And who’d have thought that about a Lexus?

Update #3

IT CAN be cruel and pitiless, COTY testing. Having run this long-term LC500 for the previous two months, I was keener than most to see how the big Japanese muscle car would perform at our toughest week of the year.

I was, justifiably I’d say, optimistic of the LC’s chances. Striking to look at, superbly made and luxuriously comfortable, it’s even possible to argue the LC is decent value considering its wow factor, size, quality and performance.

The addition of the Hybrid model, which uses a fiendishly complex powertrain to boost performance and economy, appears to have COTY’s technology criterion covered off too.

2017 lexus LC500
And yet despite the promise, the LC failed to progress beyond the proving ground. The full reasons why are detailed in Wheels magazine's January edition, but I suspect there’s another explanation it was found wanting: it’s a grower. Like the RC-F before it, the LC is a car that slowly gets under your skin and reveals an endearing personality.

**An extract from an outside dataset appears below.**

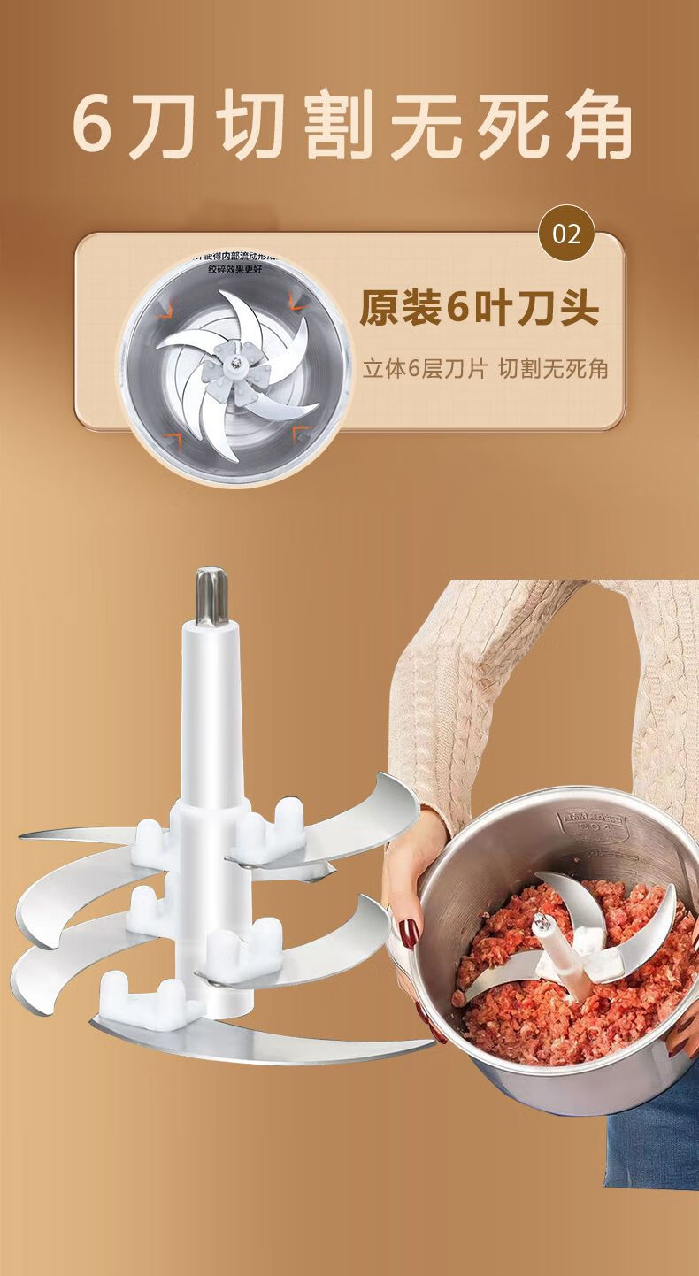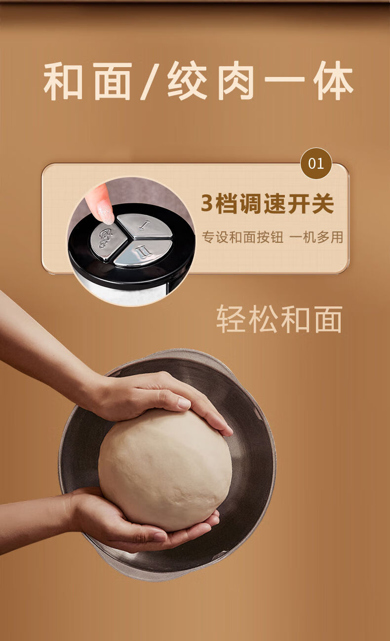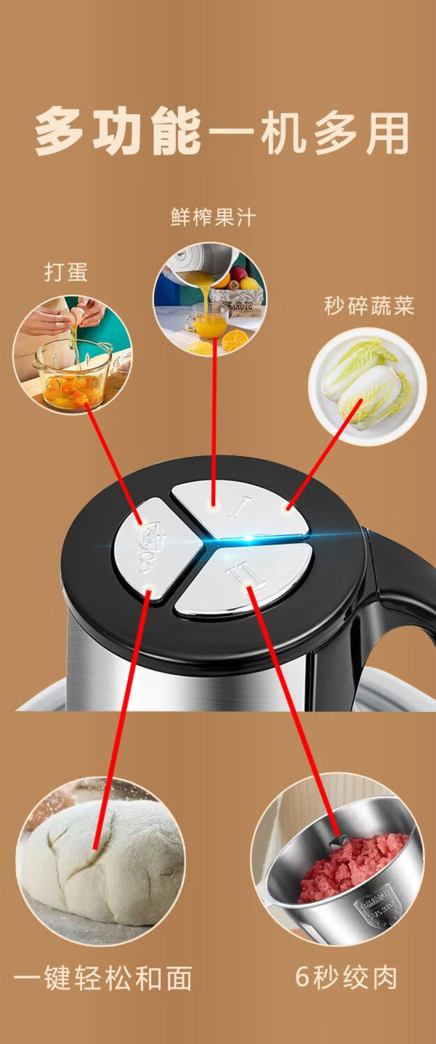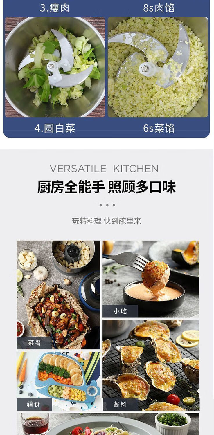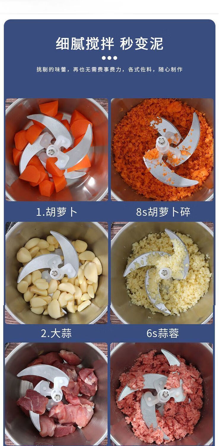SPOUNR正品苏泊绞肉机家用电动不锈钢多功能料理绞馅机碎肉切菜蒜和面机 5L 高配款3档(共两副刀)纯铜电机

It seems counter-intuitive, I know, given its instant visual appeal, but it’s the nuances and quirks that make the LC so interesting to live with and, by comparison, make other cars feel a little one-dimensional.

The endless maze that is the infotainment system, for example, which was baffling and complicated initially, has become a challenge and a surprise as I continue to discover new shortcuts and menus even after months of use. And I love that all the dials and buttons feel metallic and expensive, like a high-end hi-fi.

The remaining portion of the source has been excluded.